I’ve been on a black bean kick, so every meal for the next few days will have some of this black bean magic.
They can really bring any dish to life – which is what I did here. I decided to make black bean breakfast tacos with some stuff I had laying around.
The black bean tacos include the following ingredients: soyrizo, potatoes, black beans, corn, bell pepper, onion.

Completely plant-based and definitely the perfect recipe for someone who’s pretty broke (and just really frugal), but still want flavor in their lives. I’m broke, but I’m not boring.
Pro tip: I always have frozen vegetables on stand by in the freezer. I have everything from peas, corn, to cauliflower rice. It’s good to have these things handy – just in case you want to add a little bit more umpf to a recipe.
This black bean taco recipe is a little odd because I just used what I had around and some leftover vegetables in the fridge.

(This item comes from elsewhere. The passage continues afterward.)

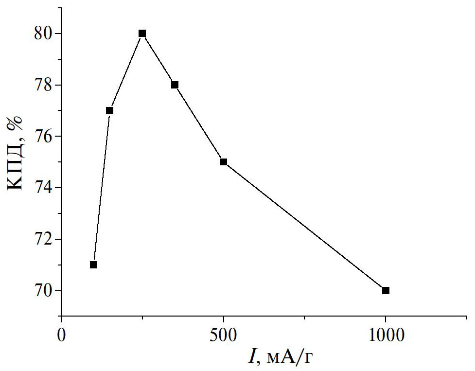 Удельная емкость на грамм электрода:

And if you’re on this site, you probably already know I make great meals, but we gotta be real here: I am not going to buy more food just to make something beautiful. I use what I have. And then I make them delicious.
With that said, let’s get to how we make these bombastic black bean breakfast tacos.
Breakfast Black Bean Tacos Recipe
Ingredients:
- 1 potato
- Sad amount of onion (about ¼ cup)
- Sad amount of green bell peppers (about ¼ cup)
- ¼ cup soyrizo
- 1 cup cooked black beans
- Garlic powder
- A pinch of salt
- 4 soft tacos
Directions:
- Wash the potato and chop into small, bite-sized pieces.
- Chop the bell pepper and onion into small pieces. Set aside.
- Set a non-stick pan over medium heat.
- Throw the chopped potatoes into the pan and add 1 tbsp of water. Add a pinch salt. Cover pan a lid.
- Let potatoes cook for 5 minutes.
- Frequently add a small amount of water to the potatoes to prevent from sticking. About 1 tbsp at a time.
- After 5 minutes, stir the potatoes. Cook for another 8-10 minutes, or until fork-tender. Add more water when necessary.
- When potatoes are tender, lower temperature to medium-low.
- Add the chopped green bell pepper and onion. Cover. Cook for another 5 minutes.
- Add the soyrizo and cook for about 5 minutes.
- Finally, add the frozen corn and cook for about 3-4 minutes.
Top your soft tacos with the potato and soyrizo mix with some cooked beans. Add your favorite sauce on top, or enjoy them as they are.

The soyrizo mix makes about 4 heaping servings.
Enjoy your black bean breakfast tacos!